**What you need to do:** Using the listing below, copy exactly each line from the one that has "失事直升機部分遇難者遺體,由" through the one that has "ÃßÁøÁßÀΠ÷´Ü¹ÝµµÃ¼±â¼ú¼¾ÅÍ(Çѱ¹Çü IMEC) À¯Ä¡¸¦"; omit the pictures.

**Records for the exercise:**
[Start of Attachment]
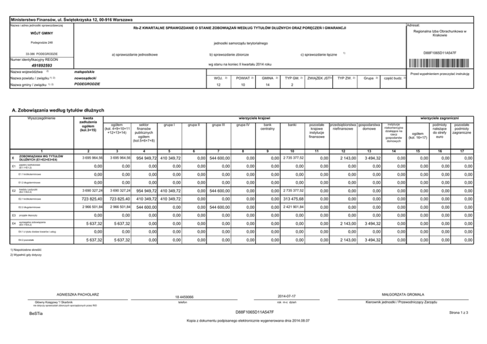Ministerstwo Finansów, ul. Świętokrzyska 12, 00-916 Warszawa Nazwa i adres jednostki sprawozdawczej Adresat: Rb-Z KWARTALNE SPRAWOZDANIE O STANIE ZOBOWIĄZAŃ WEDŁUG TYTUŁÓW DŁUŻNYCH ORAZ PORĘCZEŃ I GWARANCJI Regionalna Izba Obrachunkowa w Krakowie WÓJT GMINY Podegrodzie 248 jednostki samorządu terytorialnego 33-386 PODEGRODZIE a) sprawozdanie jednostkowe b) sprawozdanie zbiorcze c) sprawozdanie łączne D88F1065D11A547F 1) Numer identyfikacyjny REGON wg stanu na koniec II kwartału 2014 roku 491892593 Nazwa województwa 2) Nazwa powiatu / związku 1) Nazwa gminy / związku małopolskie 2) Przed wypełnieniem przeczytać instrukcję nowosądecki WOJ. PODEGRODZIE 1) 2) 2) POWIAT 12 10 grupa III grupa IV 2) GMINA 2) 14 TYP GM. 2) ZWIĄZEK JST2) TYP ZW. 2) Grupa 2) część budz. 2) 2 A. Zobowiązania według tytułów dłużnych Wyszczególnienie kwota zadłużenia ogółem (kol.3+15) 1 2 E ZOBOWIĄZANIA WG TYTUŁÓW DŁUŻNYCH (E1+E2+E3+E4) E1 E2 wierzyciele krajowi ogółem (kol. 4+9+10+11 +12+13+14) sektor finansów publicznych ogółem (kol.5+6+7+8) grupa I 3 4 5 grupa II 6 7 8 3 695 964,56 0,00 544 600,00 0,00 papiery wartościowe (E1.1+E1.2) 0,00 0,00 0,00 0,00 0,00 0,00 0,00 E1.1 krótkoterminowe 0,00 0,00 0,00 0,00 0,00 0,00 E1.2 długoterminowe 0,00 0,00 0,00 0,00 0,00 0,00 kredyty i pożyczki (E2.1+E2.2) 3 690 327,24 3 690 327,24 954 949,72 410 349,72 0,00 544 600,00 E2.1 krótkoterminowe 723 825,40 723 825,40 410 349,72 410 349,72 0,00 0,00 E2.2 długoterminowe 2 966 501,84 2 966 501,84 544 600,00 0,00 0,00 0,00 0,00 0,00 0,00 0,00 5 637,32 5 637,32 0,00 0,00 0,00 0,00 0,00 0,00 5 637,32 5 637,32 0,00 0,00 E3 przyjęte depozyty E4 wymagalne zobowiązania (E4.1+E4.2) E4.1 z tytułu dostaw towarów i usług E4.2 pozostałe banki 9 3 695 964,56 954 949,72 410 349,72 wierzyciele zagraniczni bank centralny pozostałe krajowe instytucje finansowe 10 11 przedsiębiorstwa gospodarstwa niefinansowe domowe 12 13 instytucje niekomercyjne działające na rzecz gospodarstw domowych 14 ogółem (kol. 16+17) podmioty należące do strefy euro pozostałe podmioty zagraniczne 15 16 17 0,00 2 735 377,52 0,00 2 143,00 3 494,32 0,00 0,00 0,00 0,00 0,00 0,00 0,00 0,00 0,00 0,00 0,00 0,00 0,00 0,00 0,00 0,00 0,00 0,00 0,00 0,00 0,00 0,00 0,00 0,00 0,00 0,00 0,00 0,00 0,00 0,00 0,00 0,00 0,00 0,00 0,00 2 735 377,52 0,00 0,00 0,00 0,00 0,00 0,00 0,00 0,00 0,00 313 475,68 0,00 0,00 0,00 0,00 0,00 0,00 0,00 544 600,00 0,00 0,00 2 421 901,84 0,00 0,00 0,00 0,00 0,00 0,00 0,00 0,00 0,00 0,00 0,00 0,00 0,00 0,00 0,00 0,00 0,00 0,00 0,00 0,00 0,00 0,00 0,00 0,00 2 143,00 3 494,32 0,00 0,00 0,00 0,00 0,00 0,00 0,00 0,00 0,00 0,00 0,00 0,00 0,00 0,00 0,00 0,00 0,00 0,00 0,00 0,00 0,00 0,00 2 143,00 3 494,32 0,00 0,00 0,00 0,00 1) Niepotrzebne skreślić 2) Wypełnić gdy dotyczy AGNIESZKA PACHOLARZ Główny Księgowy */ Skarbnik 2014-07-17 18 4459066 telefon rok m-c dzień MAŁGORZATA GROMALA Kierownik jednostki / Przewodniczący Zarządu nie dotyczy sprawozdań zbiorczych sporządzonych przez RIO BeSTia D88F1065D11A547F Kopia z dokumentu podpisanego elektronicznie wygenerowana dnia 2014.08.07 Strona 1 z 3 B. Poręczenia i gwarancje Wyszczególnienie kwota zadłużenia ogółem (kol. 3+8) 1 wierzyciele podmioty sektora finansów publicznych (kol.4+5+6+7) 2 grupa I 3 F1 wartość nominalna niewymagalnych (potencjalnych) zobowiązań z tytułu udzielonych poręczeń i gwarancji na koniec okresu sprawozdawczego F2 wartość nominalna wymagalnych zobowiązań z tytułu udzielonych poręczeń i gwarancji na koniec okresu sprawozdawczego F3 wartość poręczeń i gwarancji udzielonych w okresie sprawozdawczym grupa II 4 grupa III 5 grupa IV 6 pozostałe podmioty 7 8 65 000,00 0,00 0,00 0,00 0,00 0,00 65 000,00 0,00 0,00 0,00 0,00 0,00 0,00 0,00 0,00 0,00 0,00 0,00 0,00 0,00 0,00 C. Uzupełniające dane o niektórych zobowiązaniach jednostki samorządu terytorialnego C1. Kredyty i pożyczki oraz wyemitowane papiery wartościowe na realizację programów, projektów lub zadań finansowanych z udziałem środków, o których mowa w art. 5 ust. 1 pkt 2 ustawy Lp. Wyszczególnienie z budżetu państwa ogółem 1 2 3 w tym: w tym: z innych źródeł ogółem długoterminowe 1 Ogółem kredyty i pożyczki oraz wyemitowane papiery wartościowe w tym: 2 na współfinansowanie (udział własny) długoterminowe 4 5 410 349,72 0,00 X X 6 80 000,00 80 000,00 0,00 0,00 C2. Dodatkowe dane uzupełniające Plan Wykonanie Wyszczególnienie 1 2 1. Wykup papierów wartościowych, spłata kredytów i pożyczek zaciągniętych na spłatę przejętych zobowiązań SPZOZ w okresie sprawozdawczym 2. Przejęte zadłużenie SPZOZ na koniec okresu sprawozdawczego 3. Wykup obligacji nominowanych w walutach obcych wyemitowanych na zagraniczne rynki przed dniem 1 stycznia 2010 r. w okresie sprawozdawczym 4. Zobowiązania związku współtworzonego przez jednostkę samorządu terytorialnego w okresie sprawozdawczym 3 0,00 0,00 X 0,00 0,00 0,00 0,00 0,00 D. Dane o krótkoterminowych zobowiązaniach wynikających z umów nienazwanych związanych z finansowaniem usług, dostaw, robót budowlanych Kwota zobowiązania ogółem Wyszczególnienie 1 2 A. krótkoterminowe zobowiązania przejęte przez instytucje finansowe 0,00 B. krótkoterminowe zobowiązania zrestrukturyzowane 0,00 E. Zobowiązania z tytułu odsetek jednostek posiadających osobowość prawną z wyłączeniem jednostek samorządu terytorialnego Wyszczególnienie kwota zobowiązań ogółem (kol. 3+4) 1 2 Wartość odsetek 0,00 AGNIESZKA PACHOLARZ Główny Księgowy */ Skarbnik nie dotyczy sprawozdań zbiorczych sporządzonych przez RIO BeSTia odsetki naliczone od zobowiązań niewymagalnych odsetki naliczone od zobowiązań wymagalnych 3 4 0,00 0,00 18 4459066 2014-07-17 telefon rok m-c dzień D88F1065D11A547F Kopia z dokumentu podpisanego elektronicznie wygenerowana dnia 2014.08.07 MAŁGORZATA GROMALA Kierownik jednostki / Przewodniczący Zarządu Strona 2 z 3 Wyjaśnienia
[End of Attachment]
[Start of Attachment]
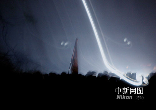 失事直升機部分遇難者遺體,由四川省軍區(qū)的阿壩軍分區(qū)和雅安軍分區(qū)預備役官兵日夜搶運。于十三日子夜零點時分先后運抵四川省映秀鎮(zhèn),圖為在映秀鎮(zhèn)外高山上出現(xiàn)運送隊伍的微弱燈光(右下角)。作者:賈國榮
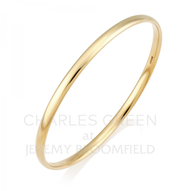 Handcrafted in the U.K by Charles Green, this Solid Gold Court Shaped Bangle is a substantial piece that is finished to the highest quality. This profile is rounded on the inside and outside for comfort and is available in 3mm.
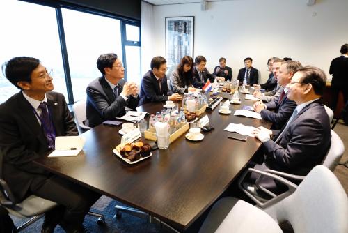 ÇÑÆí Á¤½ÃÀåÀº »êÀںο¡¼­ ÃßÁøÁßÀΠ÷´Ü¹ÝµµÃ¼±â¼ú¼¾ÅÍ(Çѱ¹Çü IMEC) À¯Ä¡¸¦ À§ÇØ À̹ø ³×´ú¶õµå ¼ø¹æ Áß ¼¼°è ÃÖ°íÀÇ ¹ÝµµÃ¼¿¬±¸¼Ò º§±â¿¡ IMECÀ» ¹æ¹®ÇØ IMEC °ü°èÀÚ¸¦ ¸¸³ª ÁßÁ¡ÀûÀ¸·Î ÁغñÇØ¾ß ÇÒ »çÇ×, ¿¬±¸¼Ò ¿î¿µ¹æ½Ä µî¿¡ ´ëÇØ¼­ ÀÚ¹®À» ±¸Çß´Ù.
[End of Attachment]
**Finished exercise:**
 失事直升機部分遇難者遺體,由四川省軍區(qū)的阿壩軍分區(qū)和雅安軍分區(qū)預備役官兵日夜搶運。于十三日子夜零點時分先后運抵四川省映秀鎮(zhèn),圖為在映秀鎮(zhèn)外高山上出現(xiàn)運送隊伍的微弱燈光(右下角)。作者:賈國榮
 Handcrafted in the U.K by Charles Green, this Solid Gold Court Shaped Bangle is a substantial piece that is finished to the highest quality. This profile is rounded on the inside and outside for comfort and is available in 3mm.
 ÇÑÆí Á¤½ÃÀåÀº »êÀںο¡¼­ ÃßÁøÁßÀΠ÷´Ü¹ÝµµÃ¼±â¼ú¼¾ÅÍ(Çѱ¹Çü IMEC) À¯Ä¡¸¦ À§ÇØ À̹ø ³×´ú¶õµå ¼ø¹æ Áß ¼¼°è ÃÖ°íÀÇ ¹ÝµµÃ¼¿¬±¸¼Ò º§±â¿¡ IMECÀ» ¹æ¹®ÇØ IMEC °ü°èÀÚ¸¦ ¸¸³ª ÁßÁ¡ÀûÀ¸·Î ÁغñÇØ¾ß ÇÒ »çÇ×, ¿¬±¸¼Ò ¿î¿µ¹æ½Ä µî¿¡ ´ëÇØ¼­ ÀÚ¹®À» ±¸Çß´Ù.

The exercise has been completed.